This is an sftp issue, but you said you were using ftp - not the same thing. Do both users use sftp, or does one use regular ftp?Oops sorry I was assuming sftp since (correct me if I'm wrong) FC3 only comes with sftp. But yes both users were using sftp in all applications.
sftp clients will often set the permissions of the uploaded file to the same permissions as the original file on the source computer. Regular ftp clients don't usually do this. You may be able to work around the problem at the client end. If all else fails, you could always set up a cron job to periodically set the group write bit on all files in that directory.
As of now on our production box the network admin has FC3 set up. If anyone wants to download a file we have to ssh in chown the file to the owner being the person who wants to work on it. Then download the file and change the owner back. There has to be a secure way around this so that people in the same group do not have to ssh into the box and change the permissions of the file every time they want to work on the file and still have Apache act normal not giving the 403 error.
Do you have SELinux enabled?Yes it is enabled.

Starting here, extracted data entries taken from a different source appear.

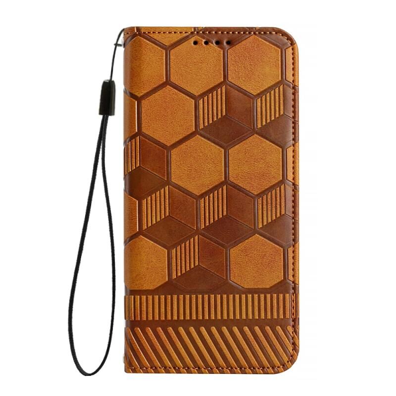 Θήκη τηλεφώνου τύπου flip από μαγνητικό δέρμα με υφή ποδοσφαίρου για iPhone 14 (Χακί)
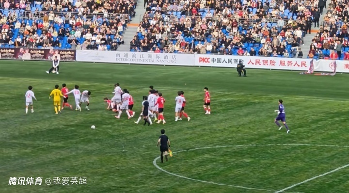 多位情绪激动的海港队球员上前一把推倒南通队球员,随后两队多人加入冲突,甚至连双方的守门员都奔袭大半场加入战局。
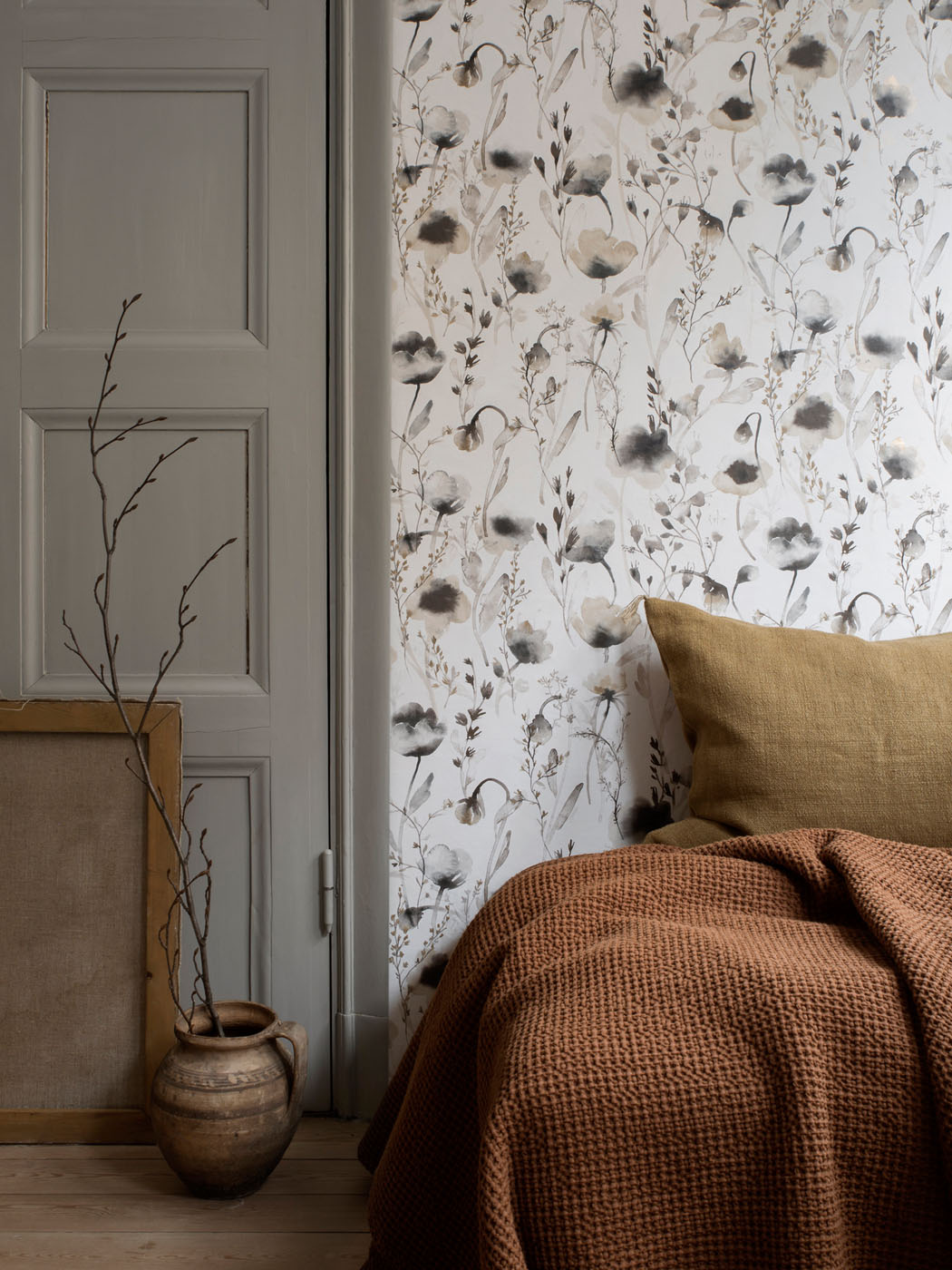 Culorile pastelate, liniștitoare, macii încântători și rămurelele delicate vă vor da impresia de lejeritate, de plutire în aer. Lo conferă pereților un aspect vibrant și modern.
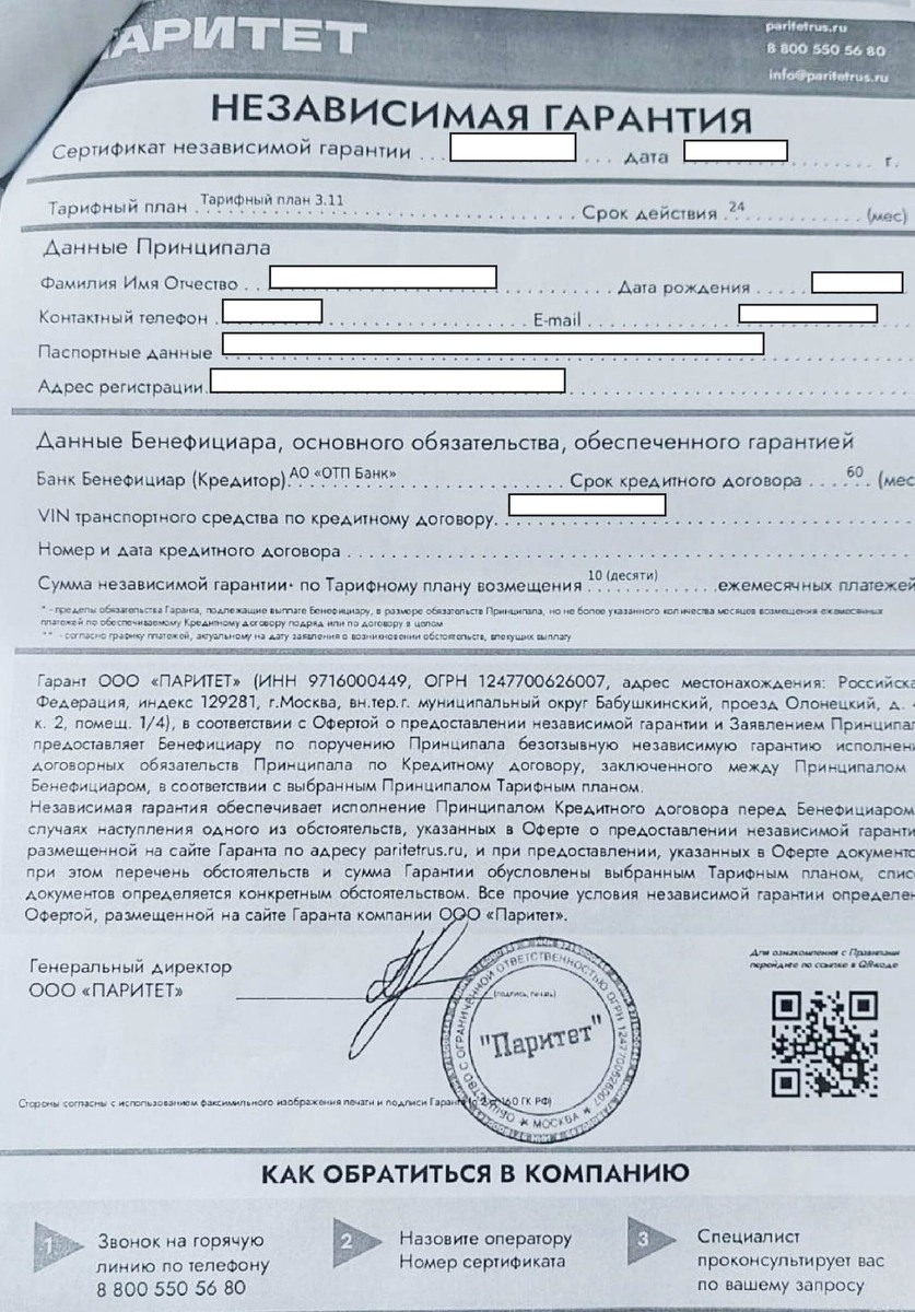 Услуга оформляется путем подписания Заявление о предоставлении независимой гарантии. Вместе с заявлением в пакете документов выдается Сертификат независимой гарантии.
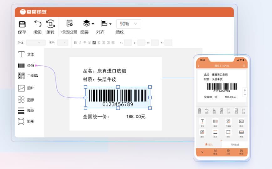 支持文字、条码/二维码、图片 / 图形、线条 / 矩形、免费表格编辑功能;可设置多字体、字号等,轻松设计任何形式的条码。
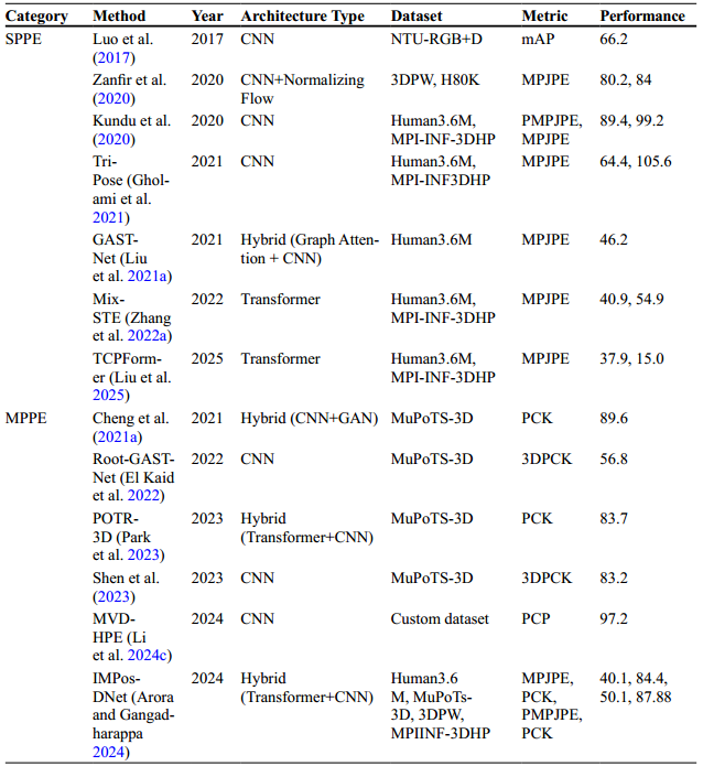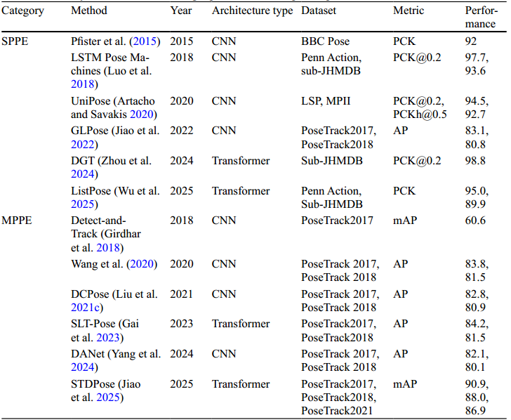 人体姿势估计(HPE)是计算机视觉中一个不断发展的领域,旨在从图像或视频等视觉数据中识别和定位不同的人体关节(也称为关键点)。 HPE 具有广泛的应用领域(例如,活动监控、人机交互、游戏、摄像头监控)。计算能力的显着进步和先进深度学习技术的发展促进了更准确、更有效的姿态估计系统的发展。随着研究的进展,HPE 正在从简单地检测个人姿势发展到了解和跟踪人们随时间的移动方式。这一发展凸显了对能够捕获复杂的实时人体运动以用于现实世界应用的系统的日益增长的需求。集成时空环境的 HPE 系统可帮助 HPE 系统识别和跟踪人体随时间的运动,从而实现更精确的理解。
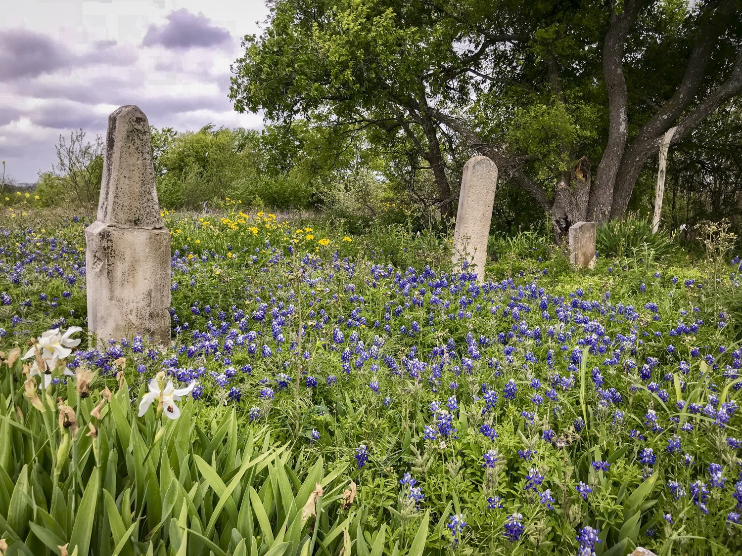 After leaving the Fox homeplace, on which his adult children still live, I stopped at an old cemetery I had never noticed before, on the side of the road. Usually the Johnson grass overwhelms the tombstones but someone had mowed some of the grass, leaving the bluebonnets, lilies and those yellow wildflowers whose name I don’t know. I stopped and took some photos. The gravestones, perhaps a dozen, dated back to the 1870s.

I've done the ls -aZ command and everything looks right. The only thing I have done to the directory is chgrp to my web group 'www', chmod it to 2775, and chown it to root.www. I'm not quite sure why Apache is complaining. The other directories I have set up with the <VirtuaHost> config don't complain (granted I haven't chgrp, chmod, or chown'ed them yet).
Look in /var/log/messages to see if there are any selinux errors relating to that directory when you try to access it.
Looked and there aren't any error messages. Apache is running with httpd_t and all the directories and files are httpd_t as well.